• Exercise directions:
Restate all of the entries exactly. Any picture in them should be skipped.

[Dataset records]

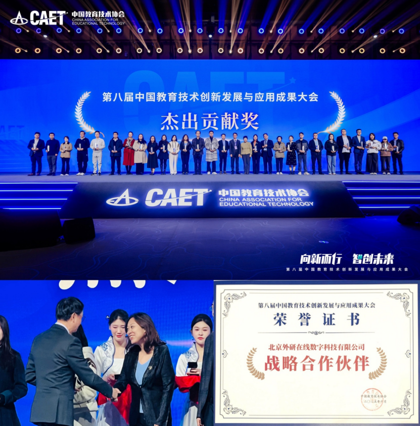 外研在线也正是因为此类在教育技术创新领域的积极探索与卓越成就,得到上级主管部门充分认可,成为本次大会战略合作伙伴,并获评“杰出贡献奖”。
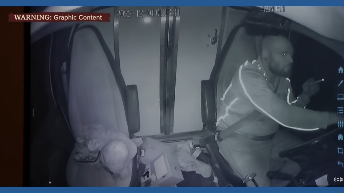 The video image is dark, and Horner is not immediately visible, but investigators follow him into the truck. Horner then talks quietly, barely audible as they begin driving. “Left?” “Yes.” The vehicle’s engine roars as they speed down the road.
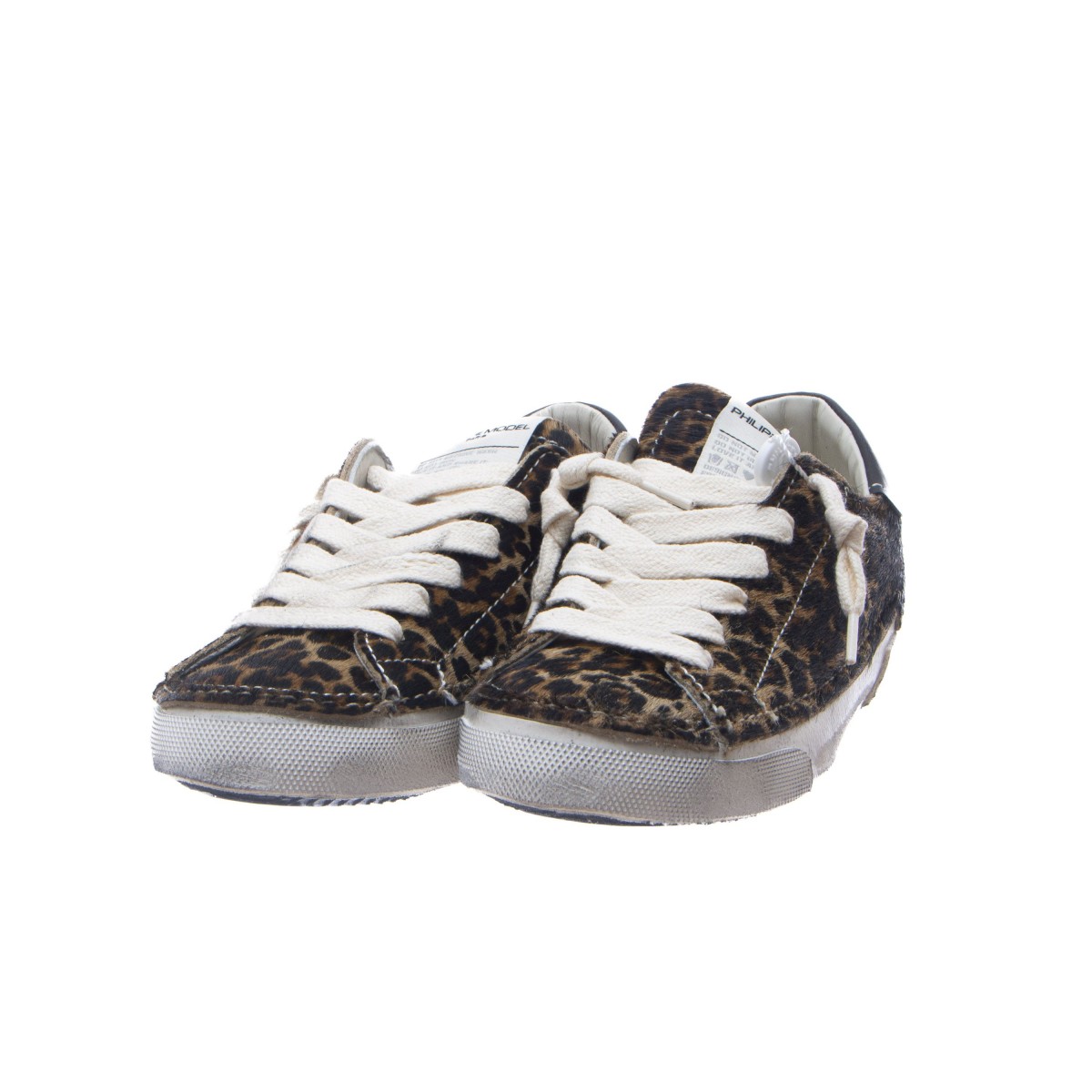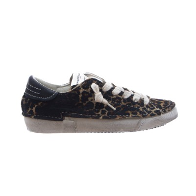 - Leather sneakers with fur effect.
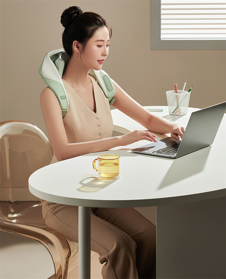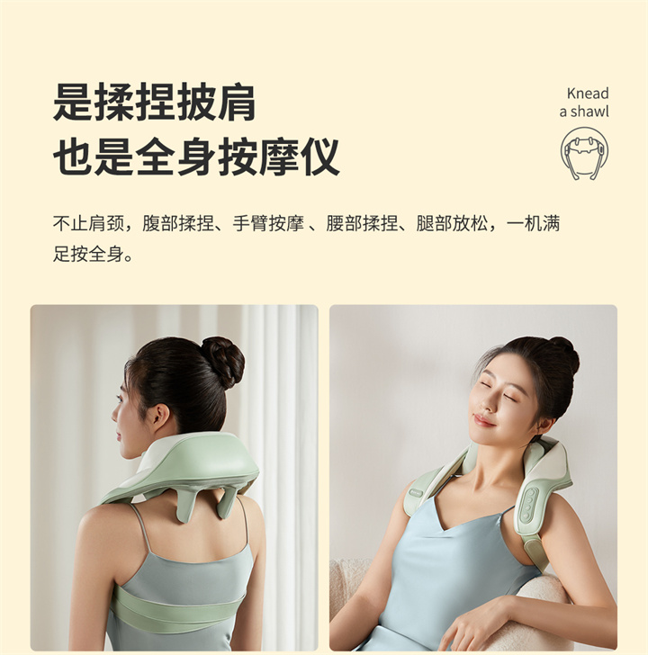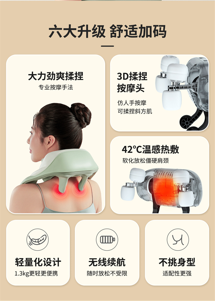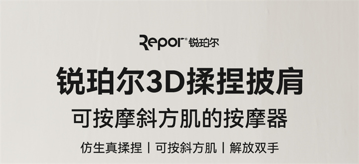 銳珀?duì)?/a>揉捏披肩RP-R7,全新感受,可按摩斜方肌的按摩器,覆蓋肩頸,將中醫(yī)揉捏技術(shù)與數(shù)字化融合,模擬中醫(yī)人手開(kāi)合夾、捏、揉、推等按摩手法,盡情釋放身體疲憊,升級(jí)降噪直流純銅無(wú)刷電機(jī),重量更輕,無(wú)線(xiàn),攜帶更方便,大面積熱敷,熱力柔和滲透舒緩。
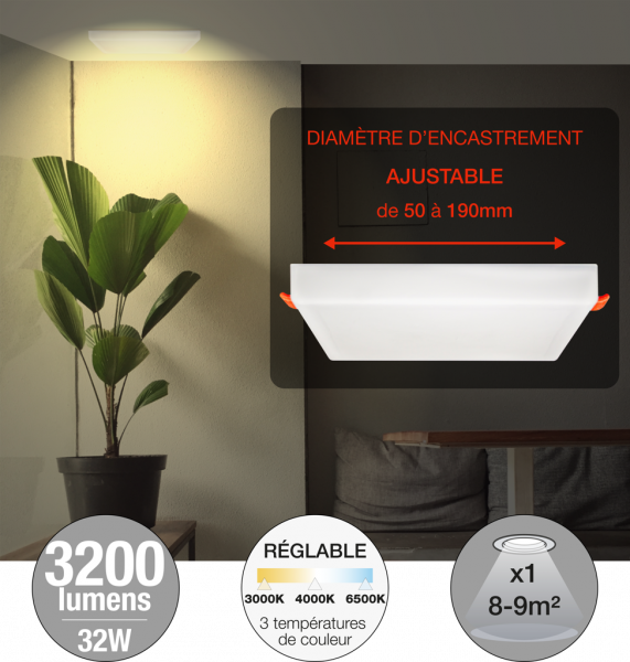 Spot encastré Blanc Carré 220x220 mm LED 32 W 3200 lm ONYX FRAMELESS Arlux – Température de Couleur Réglable à 3 Niveau
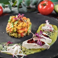 This salad is an ode to legumes: lentils and red beans make up the salad, while white beans form the dressing, accompanied by neatly arranged tofu cubes on the plate. If you want to add a substantial dose of fiber, iron, and dietary vegetarian protein to your diet alongside these beans, here’s a beautiful way to do it. Additional delights come from finely chopped tomatoes, Dijon mustard, sweet and sour Chinese sauce, and balsamic glaze, which dress the salad in moderate amounts to prevent excessive starchiness and monotony from the legume mix. Recipe from a popular American bistro.
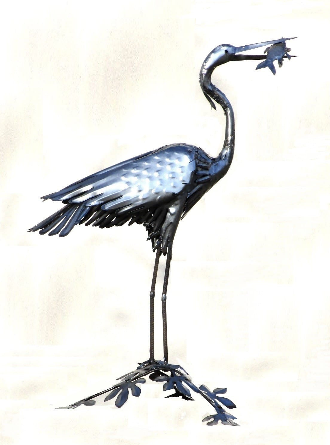 Reiher mit Fisch (edelstahl) 50x105x110 4,7kg

• Result of the task:
 外研在线也正是因为此类在教育技术创新领域的积极探索与卓越成就,得到上级主管部门充分认可,成为本次大会战略合作伙伴,并获评“杰出贡献奖”。
 The video image is dark, and Horner is not immediately visible, but investigators follow him into the truck. Horner then talks quietly, barely audible as they begin driving. “Left?” “Yes.” The vehicle’s engine roars as they speed down the road.
 - Leather sneakers with fur effect.
 銳珀?duì)?/a>揉捏披肩RP-R7,全新感受,可按摩斜方肌的按摩器,覆蓋肩頸,將中醫(yī)揉捏技術(shù)與數(shù)字化融合,模擬中醫(yī)人手開(kāi)合夾、捏、揉、推等按摩手法,盡情釋放身體疲憊,升級(jí)降噪直流純銅無(wú)刷電機(jī),重量更輕,無(wú)線(xiàn),攜帶更方便,大面積熱敷,熱力柔和滲透舒緩。
 Spot encastré Blanc Carré 220x220 mm LED 32 W 3200 lm ONYX FRAMELESS Arlux – Température de Couleur Réglable à 3 Niveau
 This salad is an ode to legumes: lentils and red beans make up the salad, while white beans form the dressing, accompanied by neatly arranged tofu cubes on the plate. If you want to add a substantial dose of fiber, iron, and dietary vegetarian protein to your diet alongside these beans, here’s a beautiful way to do it. Additional delights come from finely chopped tomatoes, Dijon mustard, sweet and sour Chinese sauce, and balsamic glaze, which dress the salad in moderate amounts to prevent excessive starchiness and monotony from the legume mix. Recipe from a popular American bistro.
 Reiher mit Fisch (edelstahl) 50x105x110 4,7kg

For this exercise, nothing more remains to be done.